DaBrizat Posted April 20, 2015 Author Share Posted April 20, 2015 check the fusible links for integrity in the plastic box along from positive lead. If the power leads are the type that the battery terminal clamps clamp down on the lead, check it for hard to see corrosion, rough it up a bit with file, sand paper etc, bit of spray lube or something. Check the earth for same. Rodents in storage too ?Tap starter with solid tool while turning over? Wondered about the fusible links, having read it in my manual, but wasn't sure what exactly I was looking for. I'll have to figure that out. I'll check the clamps more closely. They seem clean enough. And I'll take a friend along next time to tap the starter. As far as rodents, that's a possibility, but I've not seen evidence yet. I did puta bunch of store bought rodent repellant in the car, under the car, and in the unit. So I'm hoping that wasn't an issue. Something makes me suspect the usable link. There was a decent sized spark when I first attached the positive lead the first time, and not again the other times. I wondered if I'd fried SOMEthing. Thanks for your suggestions. I'll investigate and report back. Link to comment Share on other sites More sharing options...
skishop69 Posted April 21, 2015 Share Posted April 21, 2015 I doubt it was the fusible link unless you hooked the battery up backwards or tried to jump start it backwards. What you most likely have is fretting corrosion on the starter solenoid contacts from sitting. Smack the solenoid with a small hammer or prybar while someone tries to start it. If that doesn't work, use a large screwdriver to jumper the positive cable at the starter to the power cable into the starter at the solenoid. Jumper it across the two biggest terminals. Unless the starter motor is bad, this will start it so you can at least get it out of there. UNLESS.... You have a bad ground or battery cable(s) end. Link to comment Share on other sites More sharing options...
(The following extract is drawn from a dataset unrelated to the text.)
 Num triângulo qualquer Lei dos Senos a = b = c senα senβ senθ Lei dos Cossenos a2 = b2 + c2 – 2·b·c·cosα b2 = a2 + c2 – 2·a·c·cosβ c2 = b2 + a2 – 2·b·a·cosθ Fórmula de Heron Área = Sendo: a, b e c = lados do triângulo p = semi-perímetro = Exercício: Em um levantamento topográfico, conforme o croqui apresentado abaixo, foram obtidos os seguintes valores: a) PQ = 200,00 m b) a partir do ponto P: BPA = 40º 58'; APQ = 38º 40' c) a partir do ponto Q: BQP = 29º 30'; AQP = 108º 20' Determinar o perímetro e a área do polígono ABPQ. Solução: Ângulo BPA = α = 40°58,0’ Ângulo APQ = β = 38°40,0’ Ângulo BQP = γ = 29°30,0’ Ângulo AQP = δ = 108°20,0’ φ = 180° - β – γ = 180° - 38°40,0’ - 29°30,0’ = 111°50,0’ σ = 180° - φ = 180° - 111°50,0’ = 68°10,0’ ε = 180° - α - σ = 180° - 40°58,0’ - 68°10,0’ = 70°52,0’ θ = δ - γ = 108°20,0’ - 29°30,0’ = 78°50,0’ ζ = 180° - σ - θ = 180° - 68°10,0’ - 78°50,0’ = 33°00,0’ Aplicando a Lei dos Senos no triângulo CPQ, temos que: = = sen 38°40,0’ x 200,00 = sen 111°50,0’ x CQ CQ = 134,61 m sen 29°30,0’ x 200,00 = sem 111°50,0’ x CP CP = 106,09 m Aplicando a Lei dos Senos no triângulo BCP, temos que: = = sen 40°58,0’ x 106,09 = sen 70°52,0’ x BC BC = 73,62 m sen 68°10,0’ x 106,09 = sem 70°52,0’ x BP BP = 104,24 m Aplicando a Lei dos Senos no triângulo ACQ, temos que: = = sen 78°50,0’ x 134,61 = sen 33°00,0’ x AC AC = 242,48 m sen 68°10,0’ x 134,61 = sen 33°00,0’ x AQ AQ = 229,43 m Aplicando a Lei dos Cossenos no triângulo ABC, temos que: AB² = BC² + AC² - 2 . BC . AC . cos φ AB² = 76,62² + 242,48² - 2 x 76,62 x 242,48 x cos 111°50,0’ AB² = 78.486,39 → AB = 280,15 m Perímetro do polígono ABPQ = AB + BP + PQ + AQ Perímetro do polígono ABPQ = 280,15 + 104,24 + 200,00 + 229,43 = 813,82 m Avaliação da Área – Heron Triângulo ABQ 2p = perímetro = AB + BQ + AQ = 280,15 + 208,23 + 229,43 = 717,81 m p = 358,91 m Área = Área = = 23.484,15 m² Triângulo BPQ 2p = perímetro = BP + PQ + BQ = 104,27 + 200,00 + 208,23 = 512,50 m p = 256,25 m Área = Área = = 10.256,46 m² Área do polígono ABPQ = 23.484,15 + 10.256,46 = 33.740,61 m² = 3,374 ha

DaBrizat Posted April 22, 2015 Author Share Posted April 22, 2015 Okay. I'll check that too. Would any of these problems rise up over the winter, without ever being a problem before? It's always been a champ. Link to comment Share on other sites More sharing options...
comatosellama Posted April 24, 2015 Share Posted April 24, 2015 Try hitting your terminals. Mine does this, and that normally fixes her Link to comment Share on other sites More sharing options...
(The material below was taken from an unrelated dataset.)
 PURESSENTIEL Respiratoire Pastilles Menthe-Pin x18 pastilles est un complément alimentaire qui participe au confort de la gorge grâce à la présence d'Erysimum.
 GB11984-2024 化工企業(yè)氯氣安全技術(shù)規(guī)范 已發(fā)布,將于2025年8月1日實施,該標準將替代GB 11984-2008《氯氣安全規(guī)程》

DaBrizat Posted May 3, 2015 Author Share Posted May 3, 2015 (edited) Update: It turned out it was the Fusible Link(s), and that I did put the battery in backward (I'm embarrassed to say). I had it towed to shop to find that out. But on the positive side, I may have found a good mechanic - which is always good. And they're looking at fixing the AC system, and converting it to the new coolant - whatever that stuff is called. Now I'm thinking about having some paint / body work done. It was hit in driver rear quarter panel and resprayed with single stage paint - and of course it doesn't match. So I want to check into getting that repainted with 2-stage paint. The car is very rust free, but has some dings and dents. But I like that it's still original, so I don't think I want to have the body restored. I will leave the bed and other parts as is - patina I'll call it. EDIT: the real purpose of this post was to tell you all that the mechanic said that he found that there were less than 10 of those fusible links available in the continental USA. Certainly that means NOS or equivalent. But it tells me that we should be recycling those things when our old cars die. I'm sure they could make a work-around, but it's worth noting that they are a part worth saving. Edited May 3, 2015 by DaBrizat Link to comment Share on other sites More sharing options...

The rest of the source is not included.